Earlier this month, Secretary of State John Kerry was subpoenaed to testify about the 2012 attack on Benghazi, Libya, before the House Oversight and Government Reform Committee.
Kerry was slated to appear before the committee on May 21, but he said that he wouldn’t comply because of travel plans.
Now, the conflict appears to have been resolved.
According to Jen Psaki, a State Department spokesman:
As we’ve said, Secretary Kerry was previously scheduled to be in Mexico on the day he was subpoenaed to testify. We and the Committee have been in touch to determine how to resolve their subpoena, but we have not yet made arrangements for a hearing date. We look forward to addressing the matters raised in the Committee’s letter and subpoena. Given the pressing foreign affairs issues that the Secretary is actively engaged on and the Committee’s focus on document production issues, we would like to explore whether there are better means of addressing the Committee’s interests, including through a more appropriate witness.
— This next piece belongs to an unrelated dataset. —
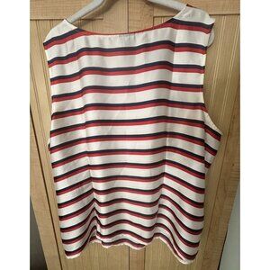 The NWT Talbots Woman Plus Rugby Multi Stripe Top Blouse in size 3XL is a colorful and stylish addition to any woman's wardrobe. This nautical, coastal vacation style sleeveless blouse features a boat neck neckline and a hip-length shirt, perfect for casual occasions. Made of polyester, this blouse from a trusted brand like Talbots offers comfort and quality, making it a great choice for any woman looking for a versatile and trendy top.

The Associated Press reports that Rep. Darrell Issa (R-Calif.), the committee’s chairman, is standing down:
“The State Department has told the Committee that they are committed to finding an alternative date in the near future for Secretary Kerry to testify before the Oversight Committee,” Frederick Hill, a spokesman for the panel, said Monday. “As such, Chairman Issa agreed to lift the subpoena obligation for May 21.”